They practiced swimming in the ocean, though both kept their clothes on, and after Jeswyne commented on the state of her clothes, Alec explained the need to regularly rinse the salt out of the cloth, so they took turns going to a small brook where they could rinse themselves and their clothes in fresh water.

When the boat was ready to assemble, three weeks later, Alec paused in that chore to go in search of the yellow quartz.
 
He led Jeswyne to the site that would one day become a quarry.
 
There were rocky outcrops all along the north side of the hill, which was steeper than the rest of the hill.
 
Alec and Jeswyne used sharpened sticks to begin digging near one outcrop that Alec thought looked promising, but abandoned it several days later without any success.
 
They began in another location, and found success within three days.

“These will have to be ground into pieces as fine as sand,” Alec said as they harvested nuggets and carried them back to their hut.”

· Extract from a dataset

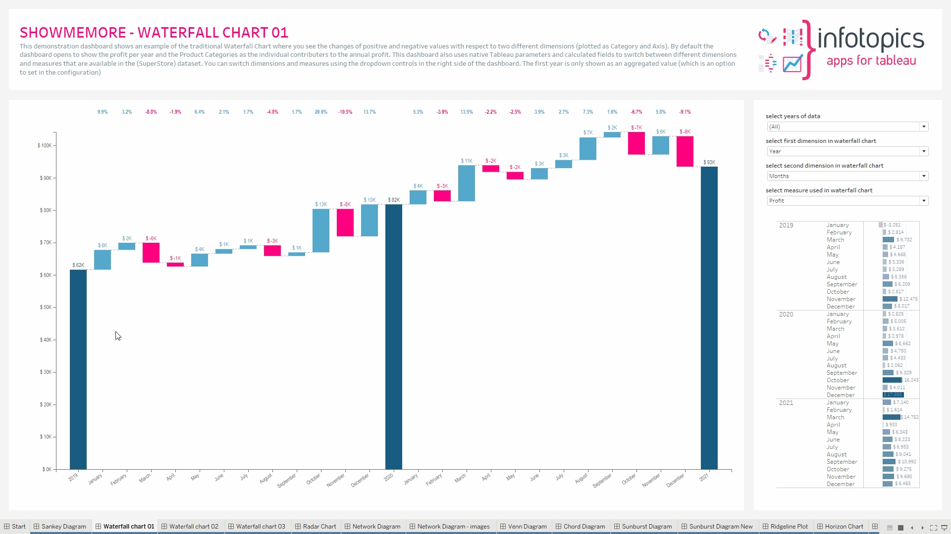 Dashboard actions are available within your Waterfall Chart! Choose one or multiple target sheets. Dashboard actions are supported to and from the extension.

“How much will we need?” Jeswyne asked.

“A lot, maybe three times as much as we’ve got here,” Alec said as they dumped their load on the ground.

“You need that much medicine?
 
Your stomach will explode if you have to take all that,” Jeswyne exclaimed.

“It’ll work, don’t worry.
 
We’d be best off making too much instead of making too little,” he answered, aware of the dangers of the cure he planned to try, though he wasn’t willing to share the details with Jeswyne yet.

Even while they spent days gathering the quartz, their other lessons continued, both swimming and fencing for Jeswyne, and history and geography for Alec.
 
Neither of them ever spoke about their kiss on the beach.

“Let’s launch the boat today,” Alec said one morning as they stepped out of their hut.
 
Jeswyne looked at him with eagerness.
 

“You think we’re ready?” she asked.

“We’ll only go out a little way, as a test,” he answered.
 
They walked down to the beach and dragged the pieces of the raft together in front of the approaching tide, then assembled the segments and waited for the water to reach it.
 
Together they pushed it into deeper water, holding onto the sides as they swam and pushed, until Alec thought they were far enough.
  
They scrambled up, and Alec pulled out the nets Jeswyne had woven.
 
“Let’s see what’s out here,” he said, and he heaved the net outward as he remembered watching Plad do during Alec’s apprenticeship.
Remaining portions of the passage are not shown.